A clear distinction should be made as I believe people are talking of two different things.

  1. When I came into this thread my mind went to the $XXX “market value” mystery box wherein a set value is determined and all boxes will target that value (naturally +/-) as many items are going to be illiquid and every item inherently has a huge range of “market value”. This is what Rusty is describing. This is what I am perfectly fine with.

  2. This is not the same as the raffle/lottery/mystery box listings wherein you spend $Y and have a shot at items orders of magnitude higher in valuation, but most times will get items at a fraction of your cost. These are inherently scummy, often illegal, always against eBay TOS, and ripe for abuse/misuse. They are disguised raffles where instead of literally nothing, the “losers” just receive a bulk common holo or some trinket of nearly no value.

I think Scott’s video was off base as it did seem to try and address the ones talking of 100% value mentioned in my first point. He was saying that flippers are offloading highly illiquid items when I would argue all collectibles are inherently illiquid and many “tru collectors” don’t give a crap about liquidity as they’ll never sell anyways. I disagree with his premise that you need to own the IP to sell bundled items.

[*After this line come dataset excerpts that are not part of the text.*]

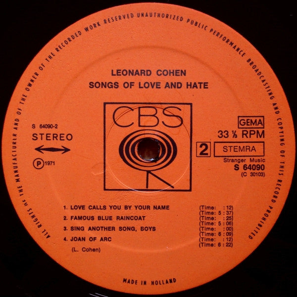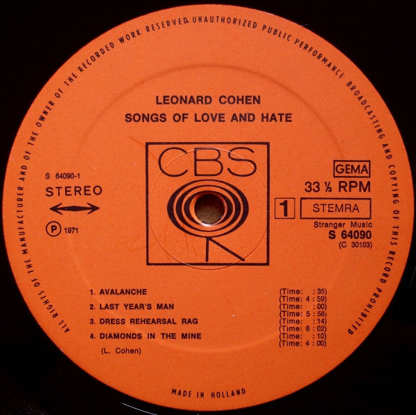 A1. Avalanche 4:59 A2. Last Year's Man 5:58 A3. Dress Rehearsal Rag 6:02 A4. Diamonds In The Mine 4:00 B1. Love Calls You By Your Name 5:37 B2. Famous Blue Raincoat 5:06 B3. Sing Another Song, Boys 6:09 B4. Joan Of Arc 6:22
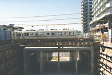 This is a no-dig construction method for underpass constructions. After taking on the orbital or road load with a rectangular steel tube attached with a friction-cut plate, it shoves the precast box culvert and replaces the steel tube with the box. It allows for a construction of a quality underpass with small earth covering. We have taken on over 250 experiences up till now.
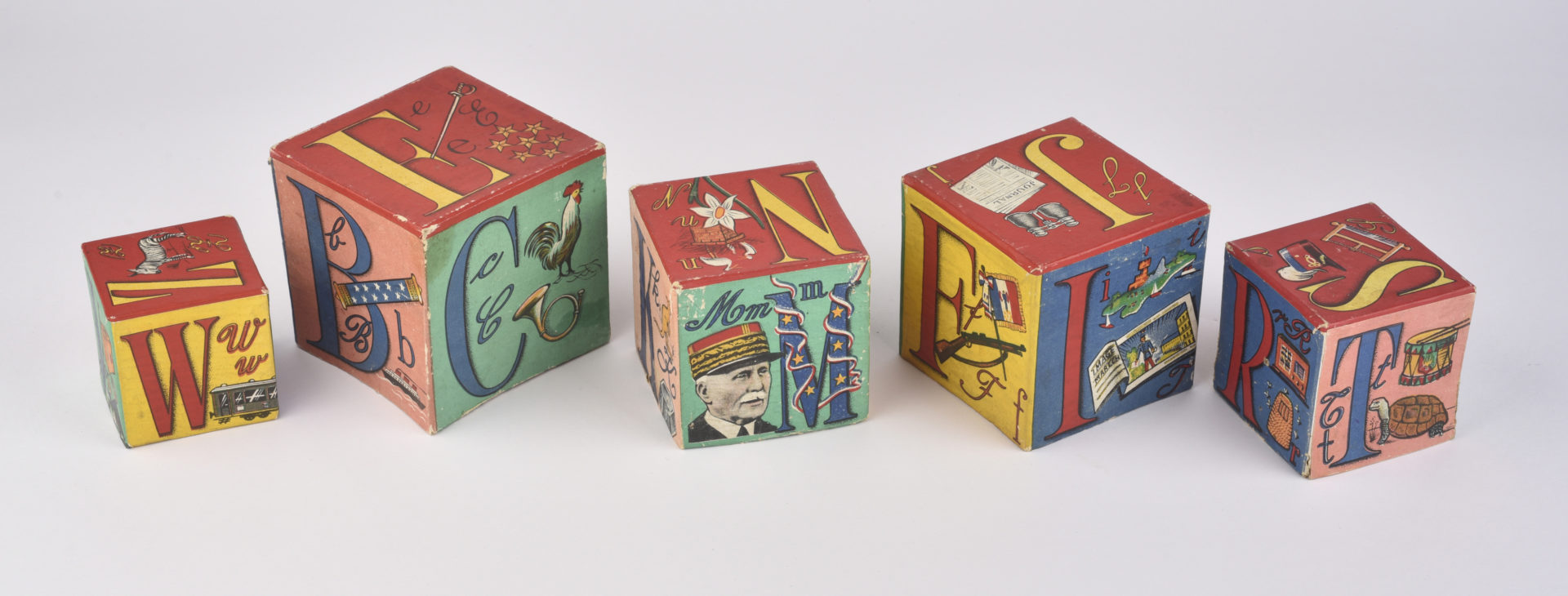 Composé de cinq cubes en carton fort et emboités les uns dans les autres. Les côtés sont marqués d’une lettre avec dessin explicatifs. Jeu ludique mais aussi instructif bien dans l’esprit de l’époque.
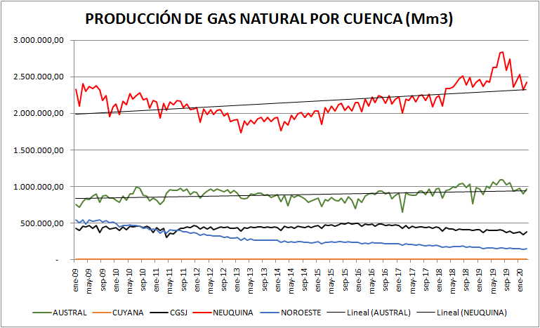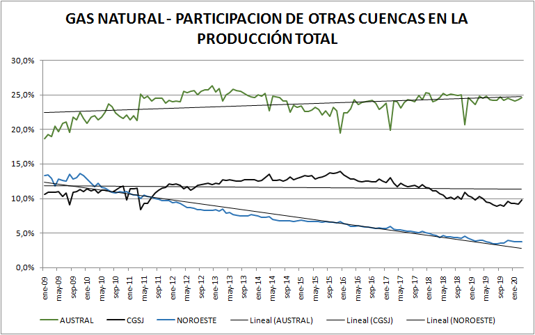 Aquí vemos que la Cuenca subió su participación en el total de la producción de gas natural del 56% en 2009 a casi el 62% en marzo de 2020.

It is incorrect to say grab bags are against eBay TOS as the ones I mentioned in point 1 are allowed and the ones I mentioned in point 2 are explicitly prohibited.

All that said I am 100% in the camp of people should just buy directly what they want and not buy mystery boxes, but as I mentioned some people have no direction and loads of people just like wasting money on shit they don’t need and none of us need any of these cards to begin with. How can you argue against hundreds and thousands of happy returning customers engaging in a victimless practice breaking no laws, no TOS, and causing no issues?

The problem is “market value” in these boxes. Like is part of a 5k mystery box is a base set 2 box and the sender valued it at $3500 well sure ok that’s the cheapest buy it now on eBay but you look hard enough for a little while you can probably find one for $2500.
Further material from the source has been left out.